- [Data below]
*** Block opens ***

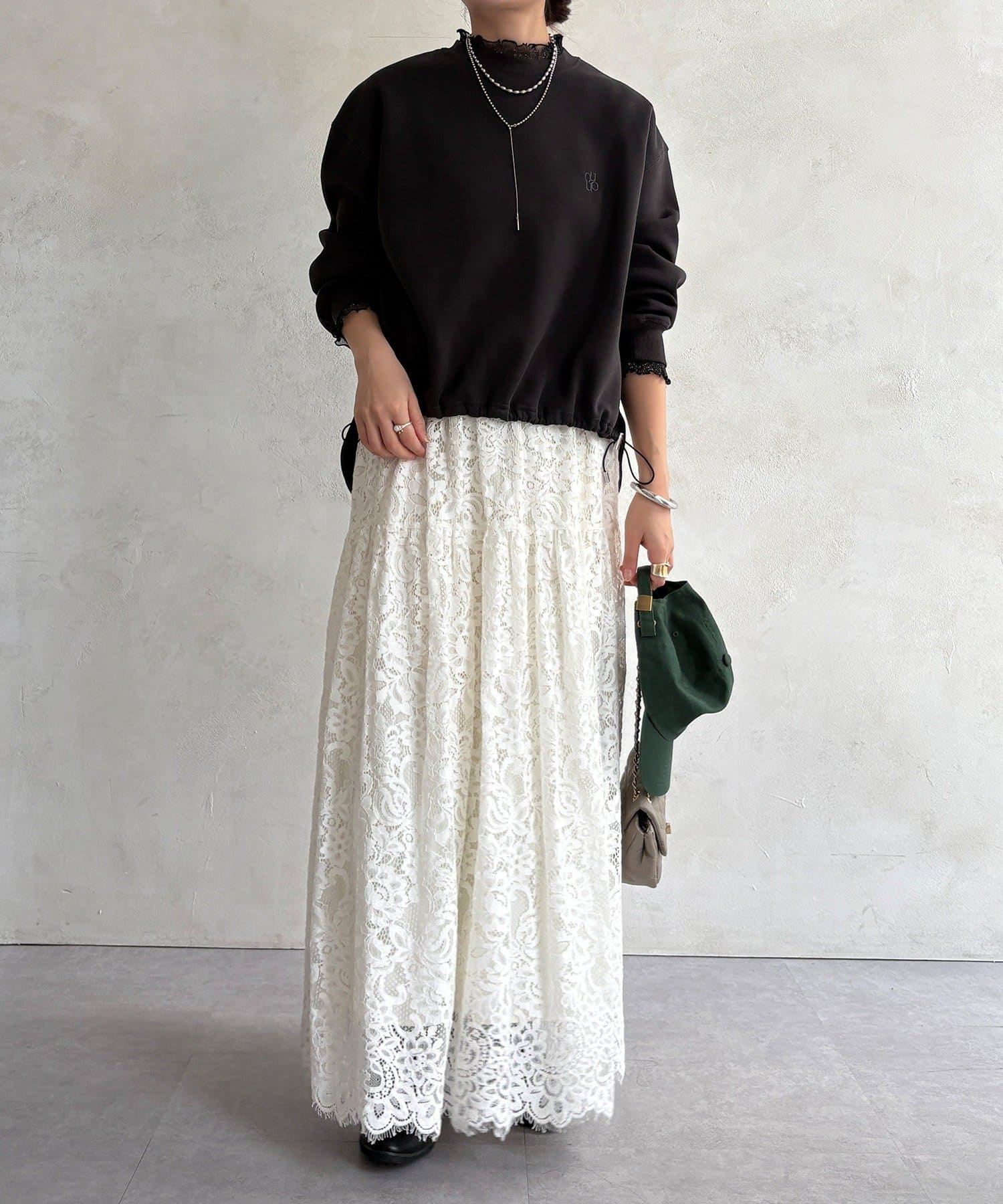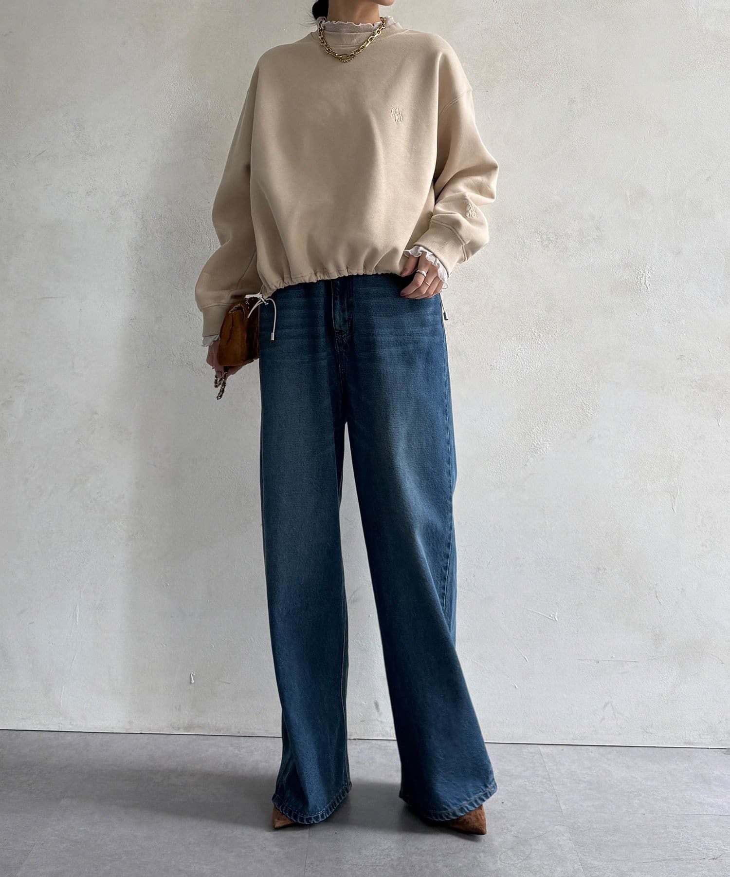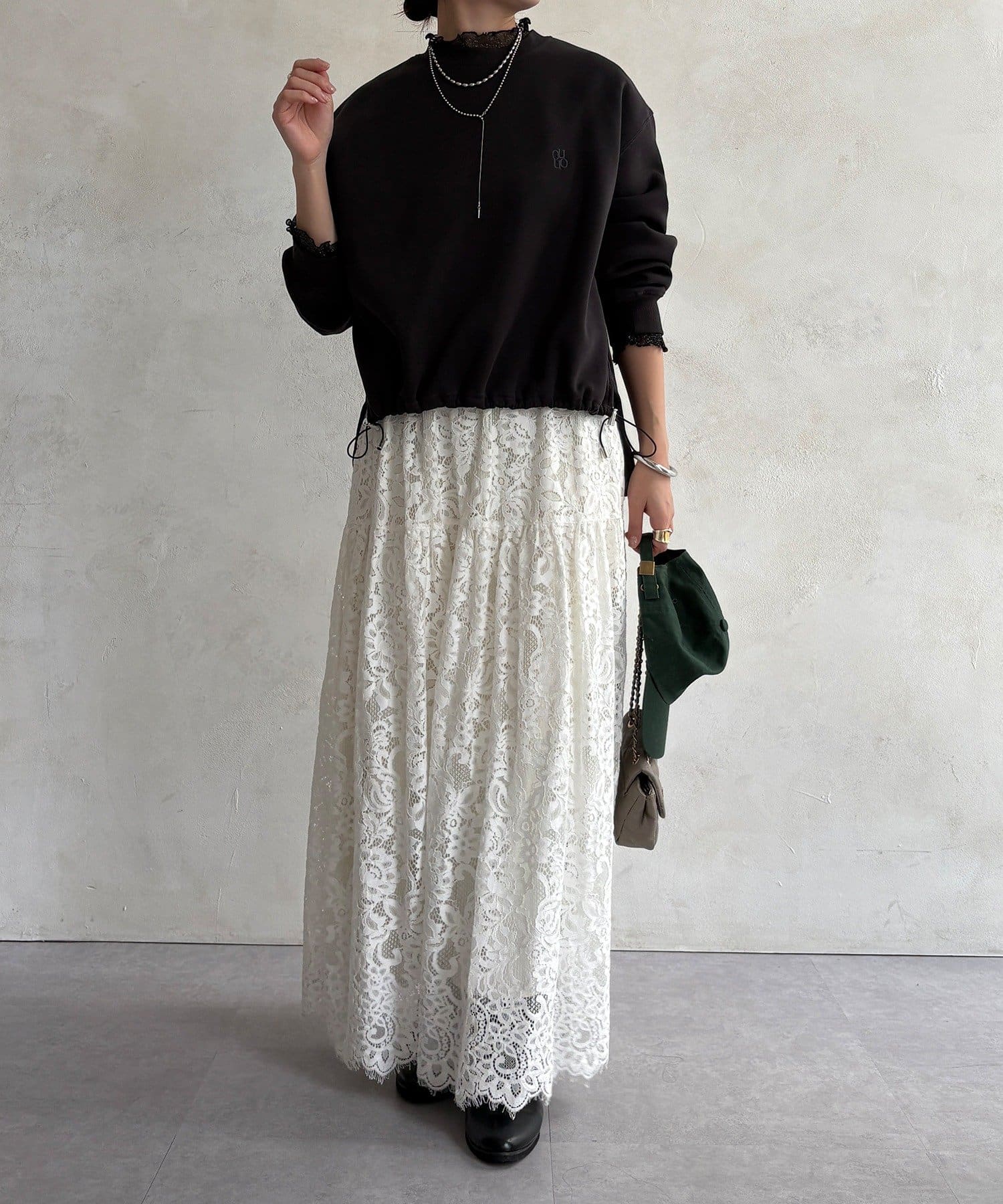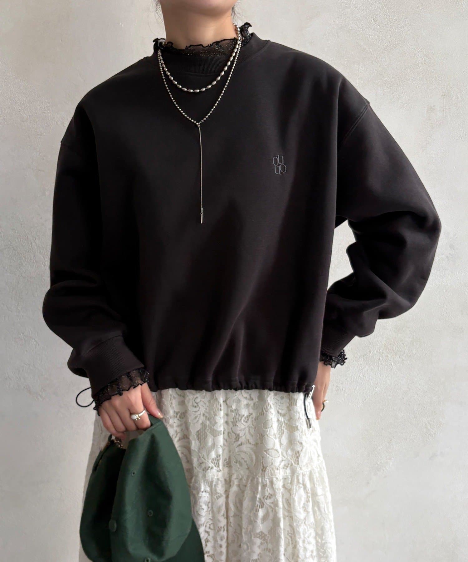 • DOUDOU(ドゥドゥ) 【WEB限定】シアーレイヤード刺繍裏起毛トップス
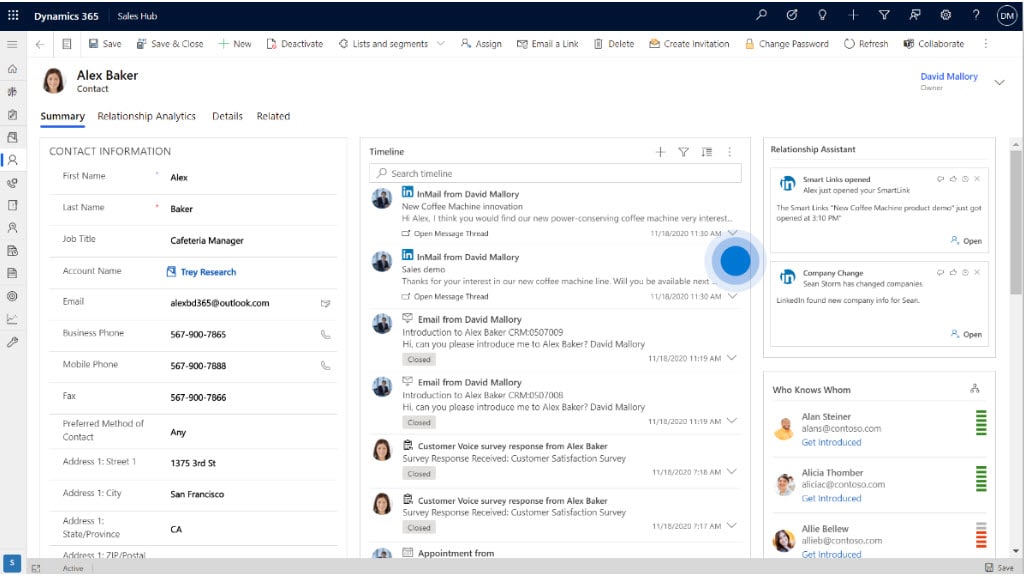 Nurture Connections with Data & AI. D365 CE uses built-in AI to help employees stay connected to customers. Integration with LinkedIn Sales Navigator brings relationship analytics into the D365 Sales Hub – keeping reps informed re: customer updates like job changes, upcoming IPOs, or new opportunities you should know about.
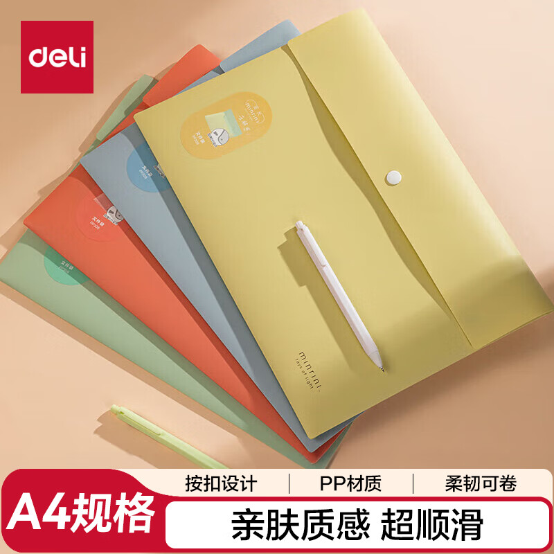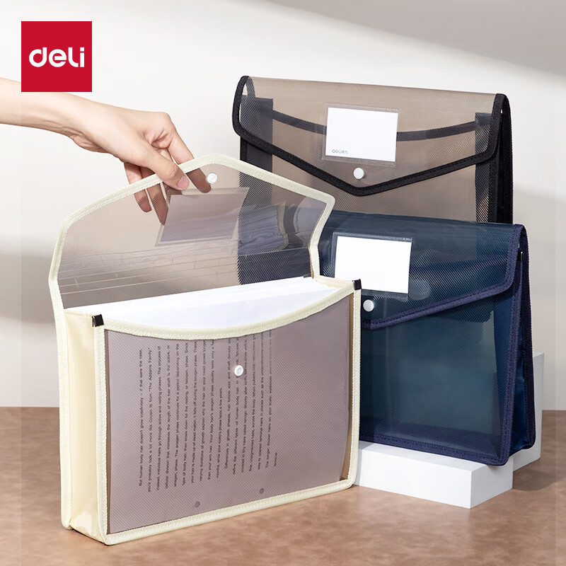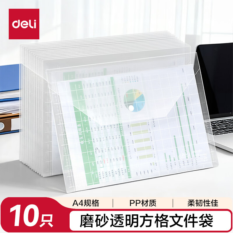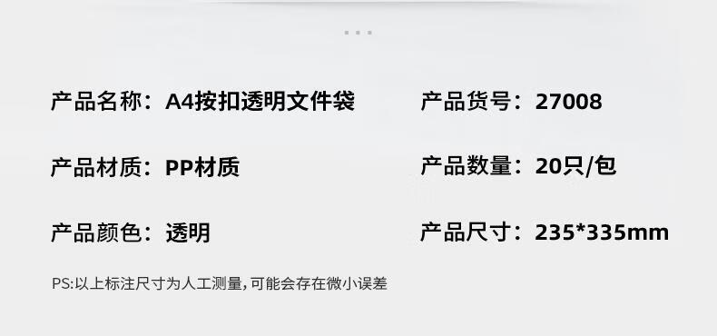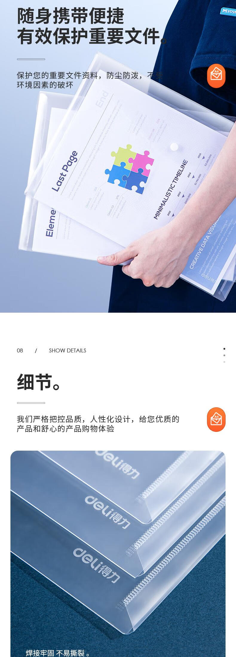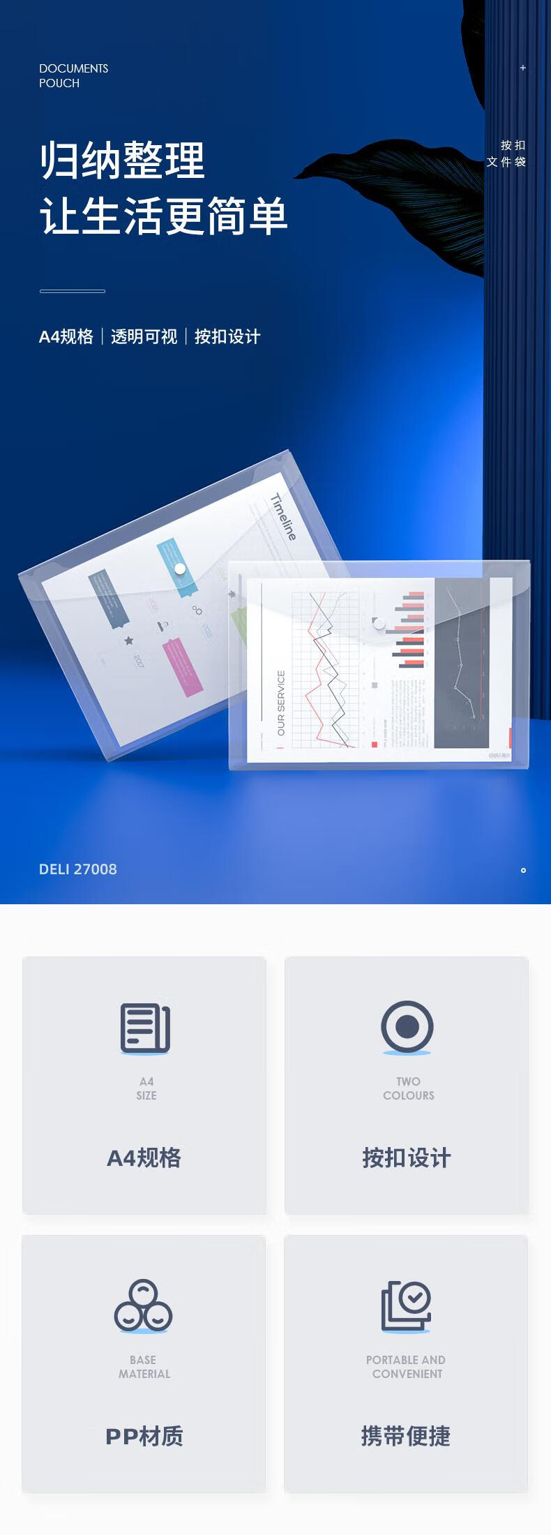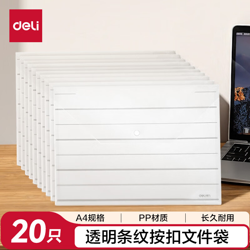 得力(deli)【超级爆款】20只A4按扣学生桌面透明文件袋 试卷收纳文件套资料塑料防水档案袋办公学习用品27008

*** Block closes ***

- [What you will do]
Repeat the material exactly, without images.

- [Solved exercise]
 • DOUDOU(ドゥドゥ) 【WEB限定】シアーレイヤード刺繍裏起毛トップス
 Nurture Connections with Data & AI. D365 CE uses built-in AI to help employees stay connected to customers. Integration with LinkedIn Sales Navigator brings relationship analytics into the D365 Sales Hub – keeping reps informed re: customer updates like job changes, upcoming IPOs, or new opportunities you should know about.
 得力(deli)【超级爆款】20只A4按扣学生桌面透明文件袋 试卷收纳文件套资料塑料防水档案袋办公学习用品27008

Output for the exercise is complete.